The answer is to be the data that follows, transcribed exactly, minus its pictures.
─── GIVEN INFORMATION ───
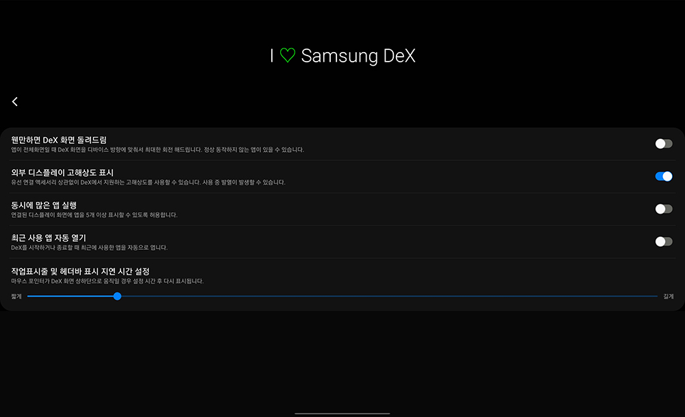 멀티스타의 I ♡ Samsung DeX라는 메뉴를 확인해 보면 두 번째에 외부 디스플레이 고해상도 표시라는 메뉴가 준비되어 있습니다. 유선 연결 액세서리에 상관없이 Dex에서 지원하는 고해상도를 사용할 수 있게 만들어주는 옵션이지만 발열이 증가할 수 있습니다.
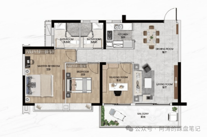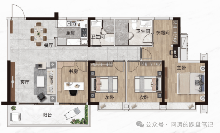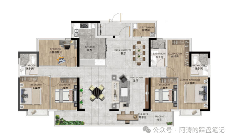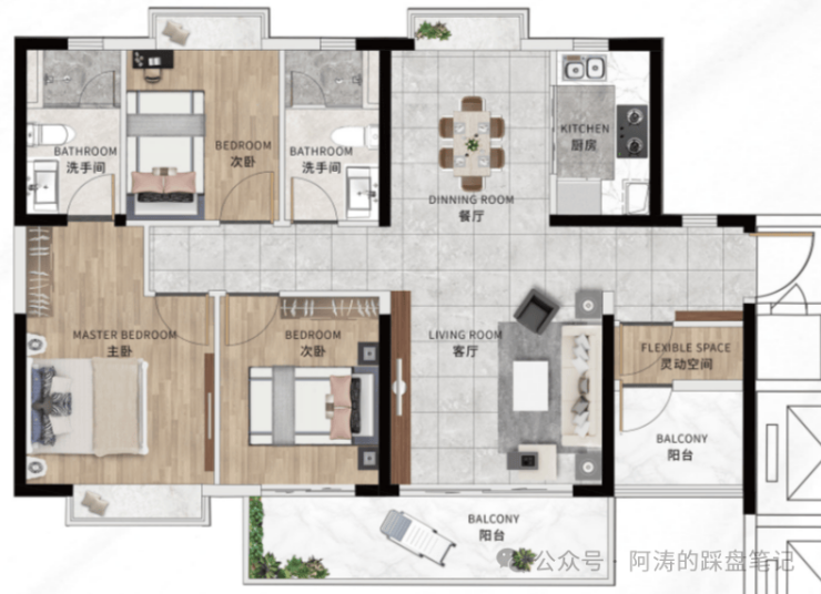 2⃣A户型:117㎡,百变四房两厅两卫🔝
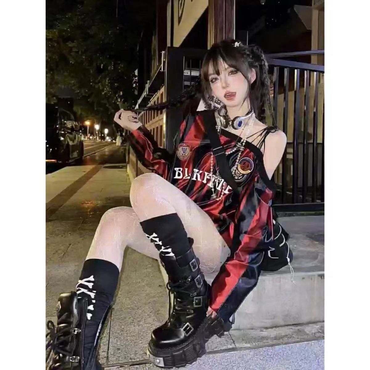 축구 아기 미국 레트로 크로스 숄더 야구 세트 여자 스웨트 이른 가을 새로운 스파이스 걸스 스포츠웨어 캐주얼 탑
───
▶ [YOUR SOLUTION]:
 멀티스타의 I ♡ Samsung DeX라는 메뉴를 확인해 보면 두 번째에 외부 디스플레이 고해상도 표시라는 메뉴가 준비되어 있습니다. 유선 연결 액세서리에 상관없이 Dex에서 지원하는 고해상도를 사용할 수 있게 만들어주는 옵션이지만 발열이 증가할 수 있습니다.
 2⃣A户型:117㎡,百变四房两厅两卫🔝
 축구 아기 미국 레트로 크로스 숄더 야구 세트 여자 스웨트 이른 가을 새로운 스파이스 걸스 스포츠웨어 캐주얼 탑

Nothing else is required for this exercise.